We are organized under the laws of Japan. We are a “foreign private issuer” and an “emerging growth company,” as defined in the Jumpstart Our Business Startups Act of 2012, under applicable U.S. federal securities laws, and are eligible for reduced public company reporting requirements. See “Prospectus Summary — Implications of Being an Emerging Growth Company and a Foreign Private Issuer.”
Shionogi & Co., Ltd., one of our strategic alliance partners and shareholders, has indicated an interest in purchasing up to $5.0 million of the ADSs offered in this offering at the public offering price. Suzuyo Shoji Co., Ltd., an entity associated with one of our shareholders, has indicated an interest in purchasing up to approximately $2.1 million of the ADSs offered in this offering at the public offering price. JENESIS Co., Ltd., another strategic alliance partner, has indicated an interest in purchasing up to $0.5 million of the ADSs offered in this offering at the public offering price. Additionally, JNS Holdings Inc., the parent company of JENESIS Co., Ltd., has indicated an interest in purchasing up to $0.5 million of the ADSs offered in this offering at the public offering price. These investors are collectively referred to herein as our “Cornerstone Investors.” If each of the Cornerstone Investors purchases the maximum amount they have indicated an interest in purchasing, and assuming an initial public offering price of $9.50 per ADS (which is the midpoint of the price range set forth herein), the Cornerstone Investors are expected to purchase an aggregate of 852,632 ADSs, which constitutes approximately 42.6% of the 2,000,000 ADSs offered in this offering. Based on the maximum amounts the Cornerstone Investors have indicated an interest in purchasing, none of them is expected, individually, to beneficially own more than 5% of our outstanding common shares following this offering, including JENESIS Co., Ltd. and its affiliate JNS Holdings Inc., taken together.
The underwriters will receive the same underwriting discount on any ADSs purchased by the Cornerstone Investors as they will from any other ADSs sold to the public in this offering. Because indications of interest are not binding agreements or commitments to purchase, the Cornerstone Investors may determine to purchase fewer ADSs than they have indicated or not to purchase any ADSs in this offering, and the underwriters could determine to sell more, less, or no ADSs to any of them. As a result, the underwriters may allocate such ADSs to other investors in this offering.
Investing in the ADSs involves a high degree of risk. Before buying any of the ADSs, you should carefully read the discussion of material risks of investing in the ADSs in “Risk Factors” beginning on page 16 of this prospectus.

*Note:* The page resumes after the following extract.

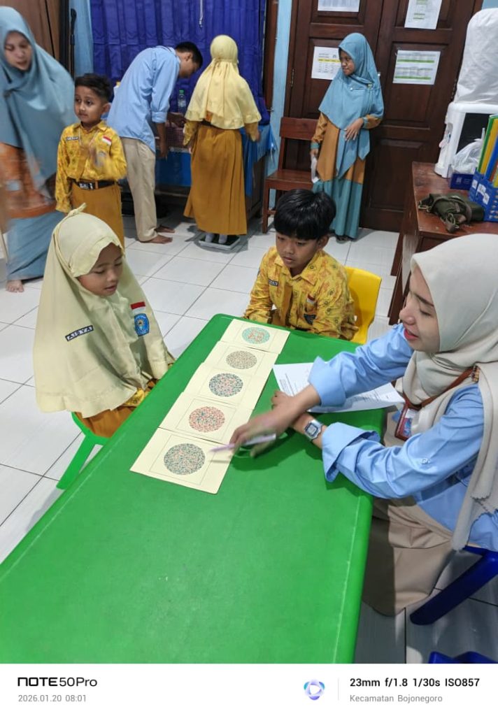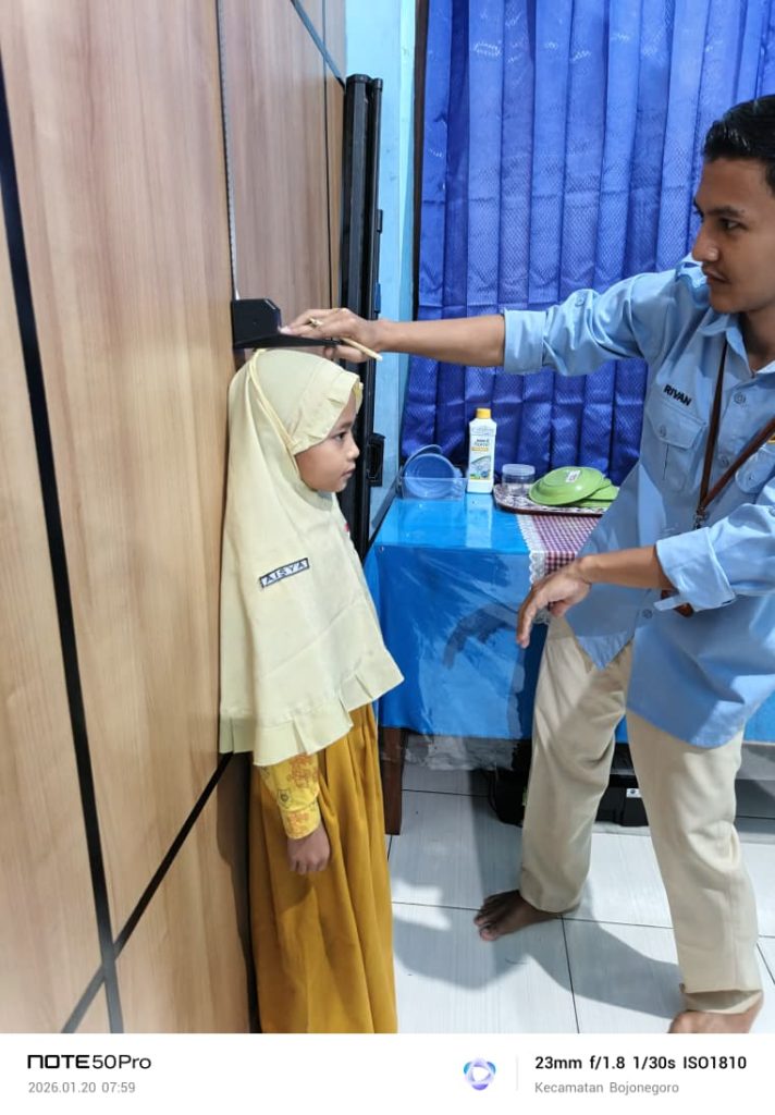 Adapun pemeriksaan kesehatan yang dilakukan meliputi cek kesehatan umum, pengukuran tinggi badan dan berat badan, serta tes mata. Pemeriksaan ini bertujuan untuk mendeteksi sejak dini kondisi kesehatan siswa, termasuk pertumbuhan fisik dan kesehatan penglihatan yang sangat berpengaruh terhadap aktivitas belajar di kelas.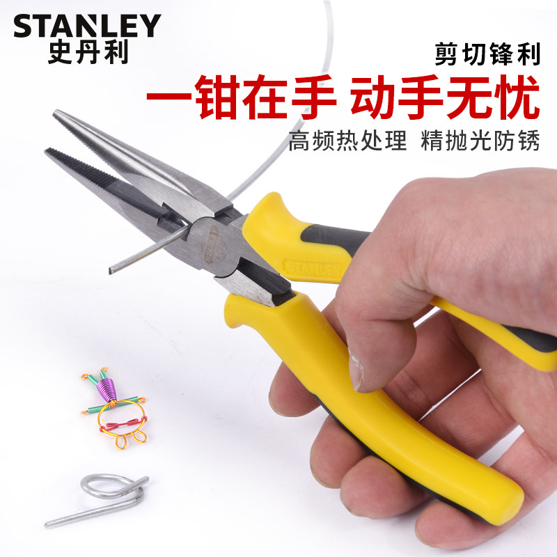 史丹利尖嘴钳电工专用钢丝钳工业级老虎钳长嘴钳子多功能尖咀钳

Neither the U.S. Securities and Exchange Commission nor any state securities commission has approved or disapproved of these securities or determined if this prospectus is truthful or complete. Any representation to the contrary is a criminal offense.
| | | | | | | | |
| | Per ADS | | | Total | |
Initial public offering price | | $ | | ● | | $ | | ● |
Underwriting discounts and commissions(1) | | $ | | ● | | $ | | ● |
Proceeds to us (before expenses) | | $ | | ● | | $ | | ● |
(1) | See “Underwriting — Commissions and Discounts” for additional information regarding compensation payable to the underwriters. |
We have granted the underwriters an option to purchase up to 300,000 additional ADSs from us at the public offering price, less underwriting discounts and commissions, for 45 days after the date of this prospectus to cover over-allotments, if any.
The underwriters expect to deliver the ADSs to purchasers on or about ●, 2023.
Boustead Securities, LLC
The date of this prospectus is ●, 2023.